During the process of applying for a merchant cash advance, a lender will ask for specific documents that give a picture of the health of your business which help them to forecast the growth possible in the future. With this information, lenders shape their requirements and can then calculate a merchant factor rate that is feasible and sustainable for your business specifically.
So your business has applied for a cash advance, and you have been quoted a factor rate. How does this impact the cost of your loan?
The factor rate will show you the total cost of the money you borrow and the interest you need to repay. To demonstrate, the example below will detail exactly how to figure out the complete total owed to a lender.
Your business requests a cash advance amount of £5,000 and you have been quoted a factor rate of 1.2 to be repaid over the course of a year.
This is where it can become confusing, the interest rate initially appears to be 20% but this is not how factor rates work.
A factor rate differs from an interest rate in the fact that the interest calculated is based on the initial loan amount, and doesn’t change over the course of the loan. This is why whether you repay early or not, the total interest amount does not change. Some lenders however, will give a discount on the interest if the loan amount is repaid early, essentially forgiving a percentage portion of the loan. Make sure to discuss this in advance if you think there is a chance your business may repay early.
With an APR, the interest builds on the loan amount as it is being paid off, so the amount of interest is dependent on the repayment term. When converting a cash advance factor rate to a traditional loan APR, cash advances will have a higher APR than expected. This is due to how they are structured. Referencing the example above:
You would expect the interest rate to equal 20%, but if you calculate the APR, it comes to 35.1%. Be careful when converting between factor rate and APR and make sure you are comparing the same kind of metric when shopping for a loan.
A business can take advantage of a cash advance in the short term, especially if they have a strong record of card payments month on month.

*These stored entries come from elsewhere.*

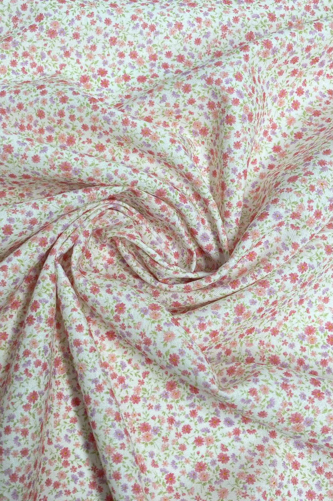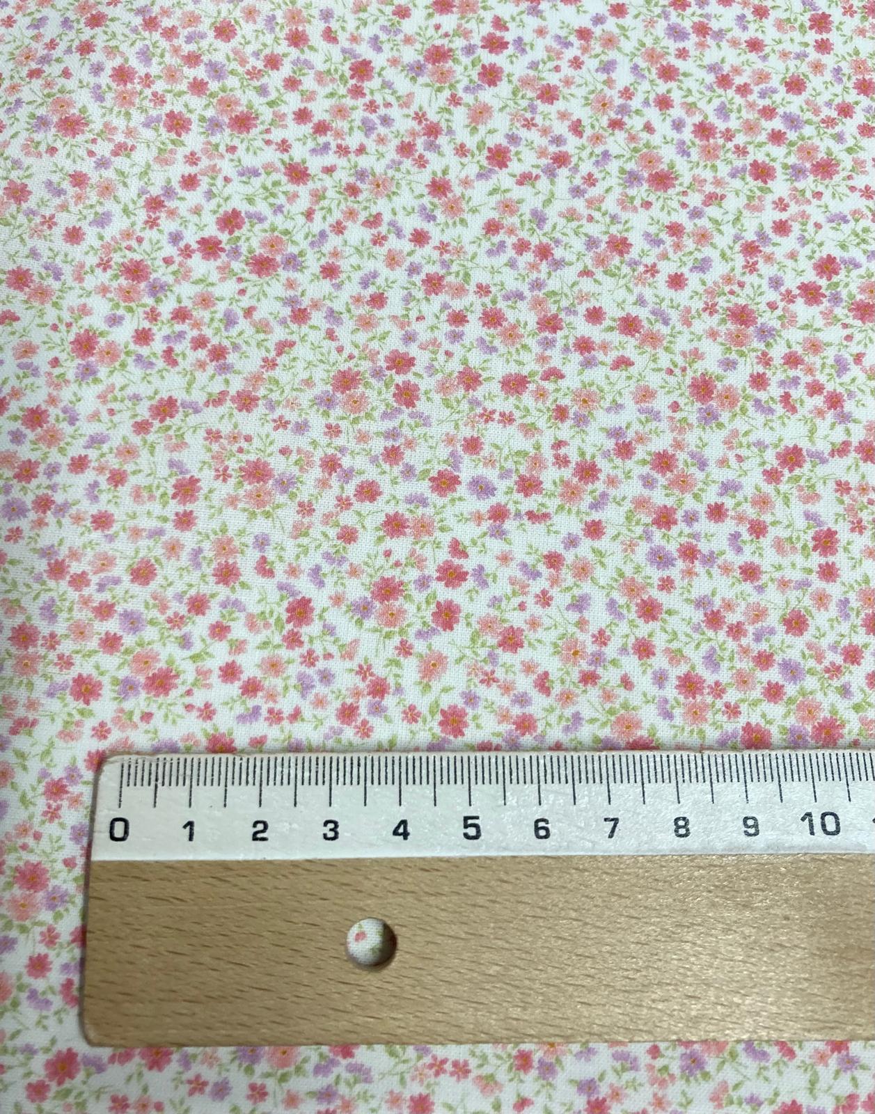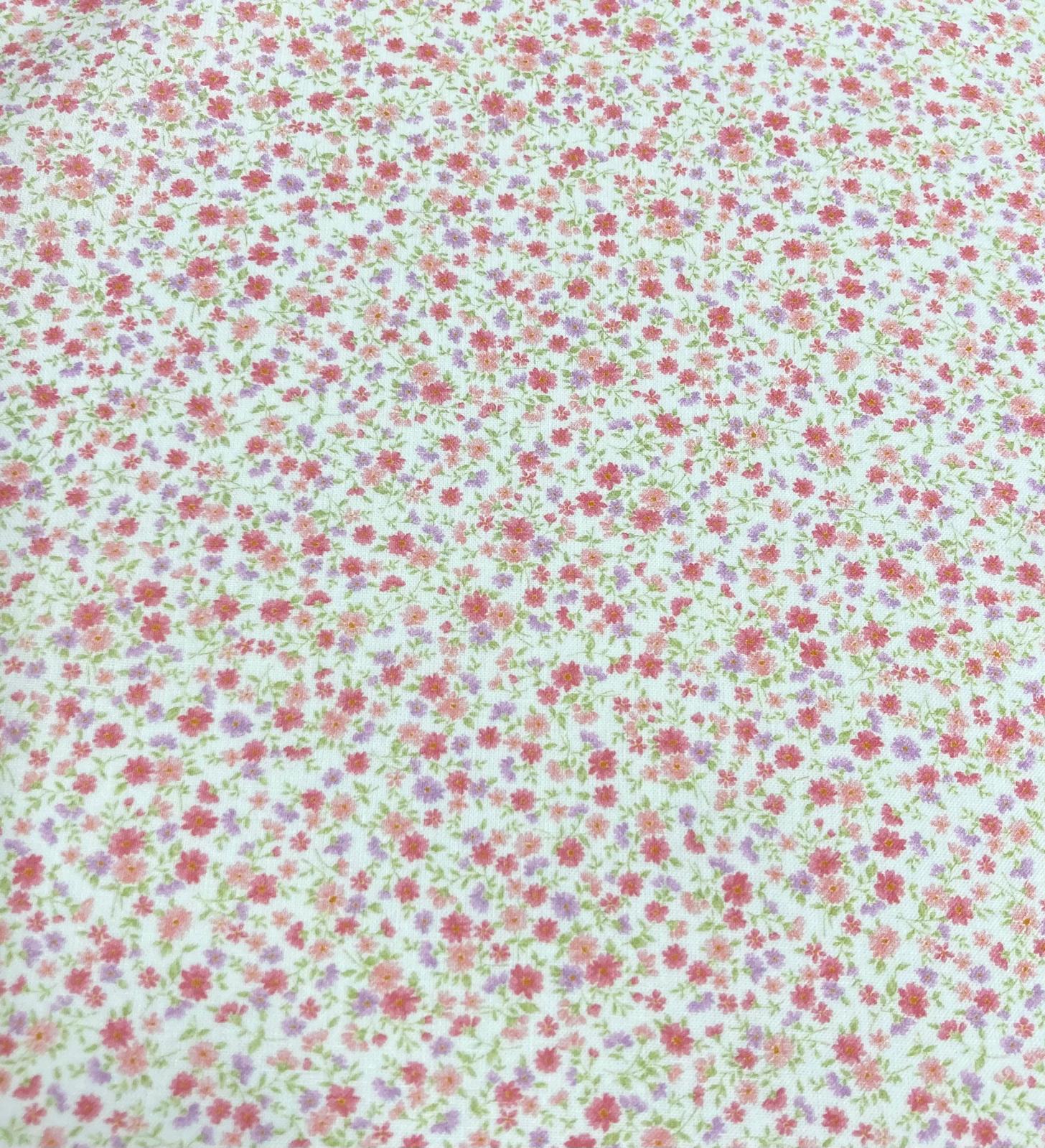 Algodón Limbo Coral, es un estampado de florecitas y hojas en tonos verde pistacho y las florecitas en tono coral, rosita, lila.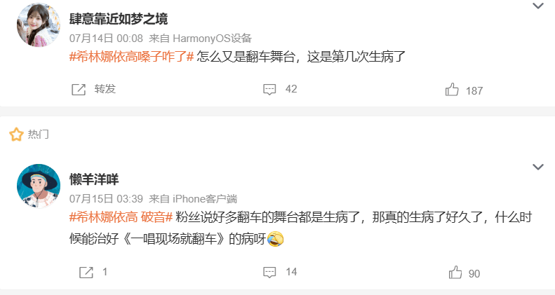 可是,她在演唱《与凤行》主题曲的时候,却翻车翻得很惨,虽然粉丝挽尊说她是因为生病导致嗓子出了问题。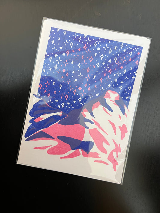 Snowy Mountain Risograph Mini Print (5" x 7")

A longer term secured business loan will have a lower APR but will often come with a much longer repayment term (starting from around 5 years). Additionally, a cash advance is financially unsecured, so the personal and business assets of the applicant will remain unaffected. It's the card machine and evidence of average turnover received from card payments that effectively 'secures' the advance.
When your business is in need of a quick cash injection and you’re comparing cash advances, factor rates can make it really easy to compare offerings from different lenders. A lower factor rate means a loan with an overall lower cost. Be sure to evaluate the repayment schedule as a low factor rate may be difficult to handle if you only have 3-6 months to pay it off in full. Speak with your lender to ensure that all fees are communicated in advance, the worst thing for a business is a surprise cost you weren’t expecting.